→ **ACTIVITY**
Leave the pictures behind and repeat all the entries exactly.

→ **DATA FOR REVIEW**
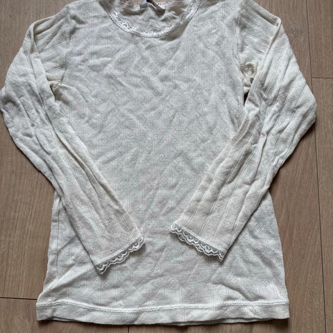 Joha ulltrøye for barn i størrelse 134, farge beige. Laget av 85% merinoull, 15% silke. Trøyen er designet for jenter og egner seg til bruk som undertøy eller mellomlag for å gi varme og komfort.
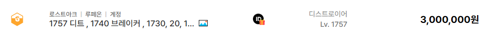 로스트아크의 수도라고 불리는 루페온 서버는 여전히 활발한 거래를 보여주고 있습니다. 1757 디스트로이어를 메인으로 브레이커와 다수의 고레벨 캐릭터를 포함한 계정이 300만 원에 거래되었습니다. 이 거래의 핵심은 보석 포함 여부입니다. 로스트아크 거래에서 보석은 캐릭터 몸값보다 더 높은 비중을 차지하기도 하는데 10레벨 멸화나 홍염 보석이 다수 포함된 경우 시세가 급격히 상승합니다.
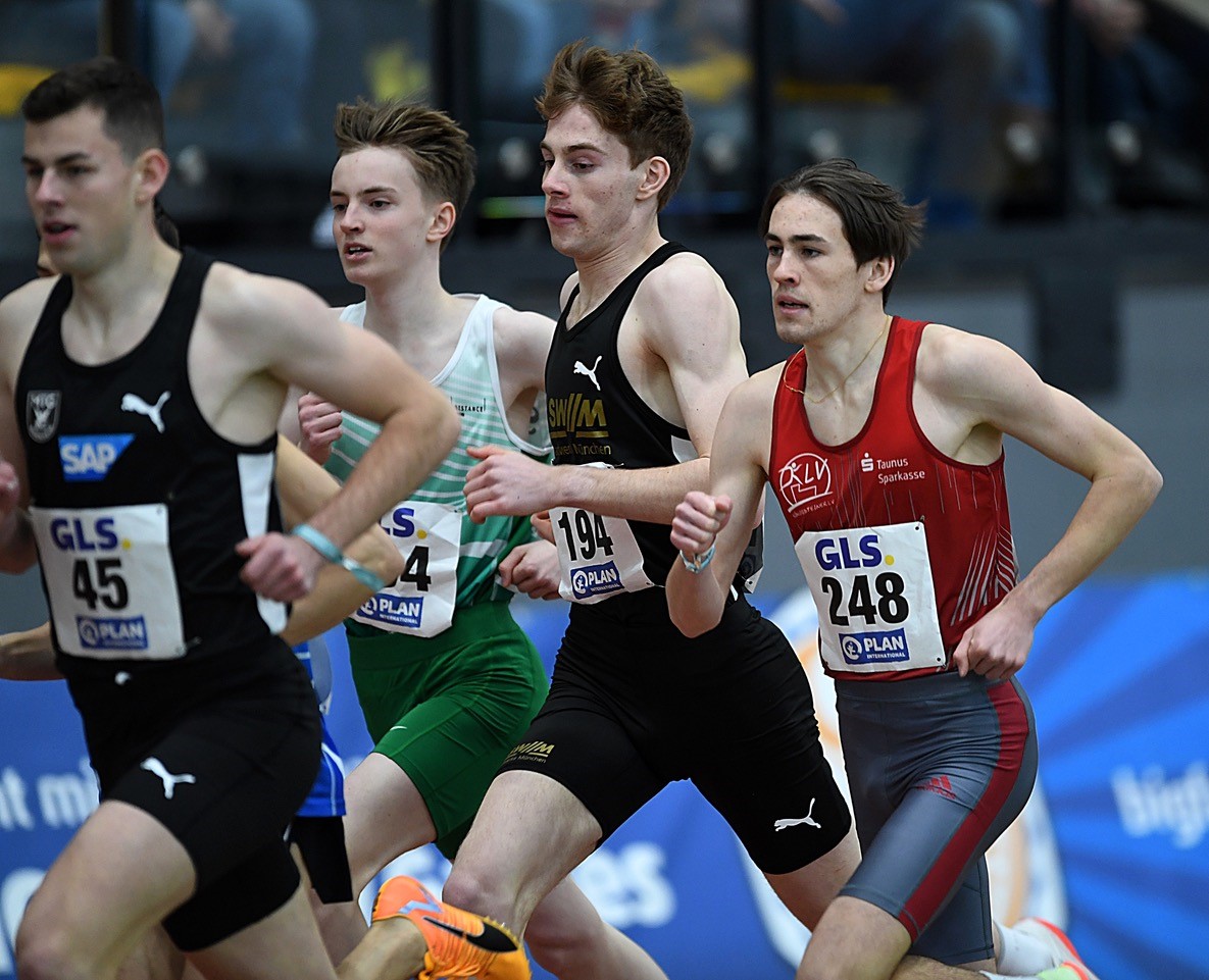 800 Meter: Nach seinem starken Auftritt im Vorlauf, stand Louis Buschbeck (Königsteiner LV) beim Finale sichtlich nervös an der Startlinie. Der eher kleine Mittelstreckler bekam gleich in der ersten Runde auch zwei heftige Schubser ab, die ihn aber nicht aus dem Konzept brachten. Weiter ging es ohne Zwischenfälle. Als dann die Glocke zur letzten Runde geläutet wurde, konnte der sprintstarke KLVler aus guter Position seine Attacke im Kampf um die Medaillen starten. An der Spitze war Elija Zien (SC Neunbrandenburg) mit 1:54,97 Minuten als Meister „durch“. Mit fast einer Sekunden Rückstand folgte Malik Skupin-Alfa (LG Offenburg/1:55,95 min.) als Zweiter. Mit einem tollen Finish sicherte sich Buschbeck im ersten U20-Jahr mit 1:56,35 Minuten DM-Bronze - sein bisher größter Erfolg.
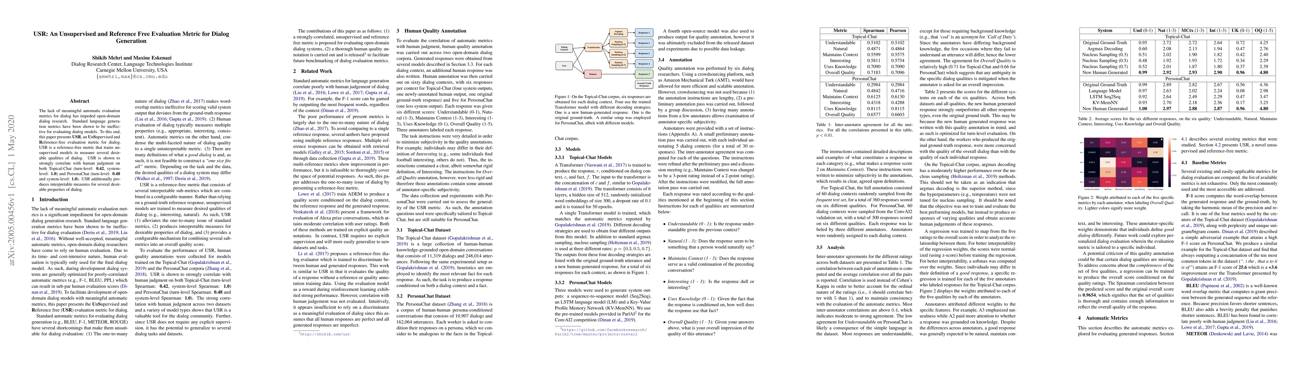 This paper introduces USR, an unsupervised and reference-free evaluation metric for dialog generation, which trains models to assess dialog quality without human-generated references. USR correlates strongly with human judgments and provides interpretable measures for various dialog properties.
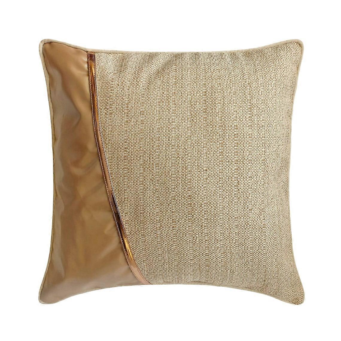 Beige & Gold Pillow Covers 16"x16" (40x40 cm) Set of 2, Jute & Faux Leather Patchwork, Modern Solid Color Decor for Sofa
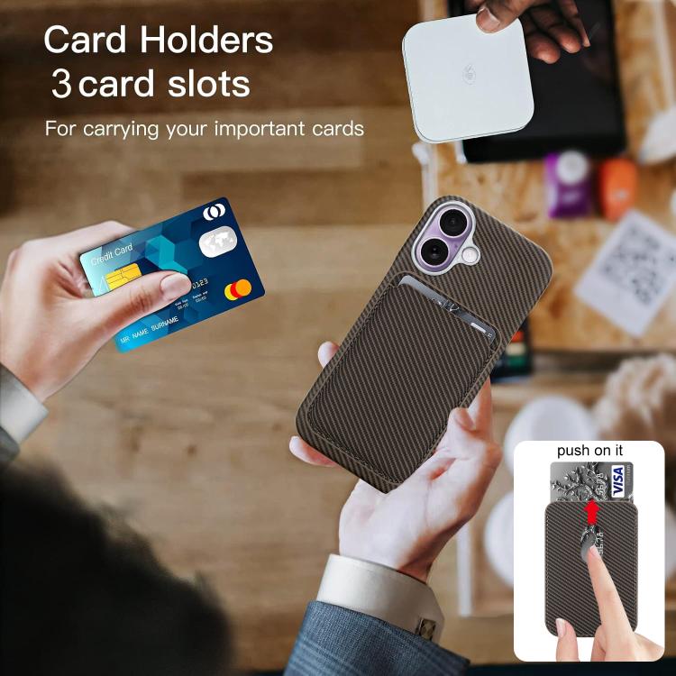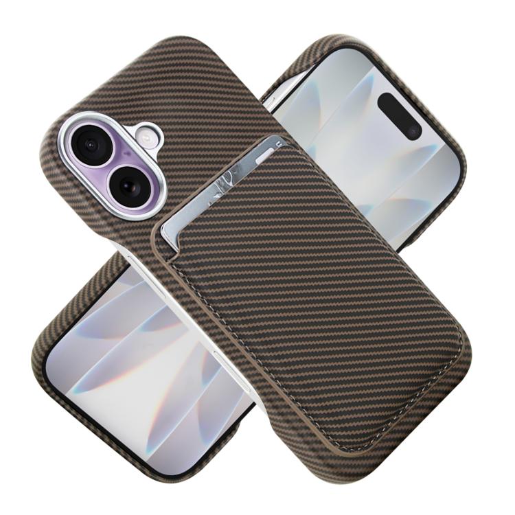 Funda para iPhone 17 con tarjetero magnético MagSafe de fibra de carbono (marrón)

→ **RESULT BELOW**
 Joha ulltrøye for barn i størrelse 134, farge beige. Laget av 85% merinoull, 15% silke. Trøyen er designet for jenter og egner seg til bruk som undertøy eller mellomlag for å gi varme og komfort.
 로스트아크의 수도라고 불리는 루페온 서버는 여전히 활발한 거래를 보여주고 있습니다. 1757 디스트로이어를 메인으로 브레이커와 다수의 고레벨 캐릭터를 포함한 계정이 300만 원에 거래되었습니다. 이 거래의 핵심은 보석 포함 여부입니다. 로스트아크 거래에서 보석은 캐릭터 몸값보다 더 높은 비중을 차지하기도 하는데 10레벨 멸화나 홍염 보석이 다수 포함된 경우 시세가 급격히 상승합니다.
 800 Meter: Nach seinem starken Auftritt im Vorlauf, stand Louis Buschbeck (Königsteiner LV) beim Finale sichtlich nervös an der Startlinie. Der eher kleine Mittelstreckler bekam gleich in der ersten Runde auch zwei heftige Schubser ab, die ihn aber nicht aus dem Konzept brachten. Weiter ging es ohne Zwischenfälle. Als dann die Glocke zur letzten Runde geläutet wurde, konnte der sprintstarke KLVler aus guter Position seine Attacke im Kampf um die Medaillen starten. An der Spitze war Elija Zien (SC Neunbrandenburg) mit 1:54,97 Minuten als Meister „durch“. Mit fast einer Sekunden Rückstand folgte Malik Skupin-Alfa (LG Offenburg/1:55,95 min.) als Zweiter. Mit einem tollen Finish sicherte sich Buschbeck im ersten U20-Jahr mit 1:56,35 Minuten DM-Bronze - sein bisher größter Erfolg.
 This paper introduces USR, an unsupervised and reference-free evaluation metric for dialog generation, which trains models to assess dialog quality without human-generated references. USR correlates strongly with human judgments and provides interpretable measures for various dialog properties.
 Beige & Gold Pillow Covers 16"x16" (40x40 cm) Set of 2, Jute & Faux Leather Patchwork, Modern Solid Color Decor for Sofa
 Funda para iPhone 17 con tarjetero magnético MagSafe de fibra de carbono (marrón)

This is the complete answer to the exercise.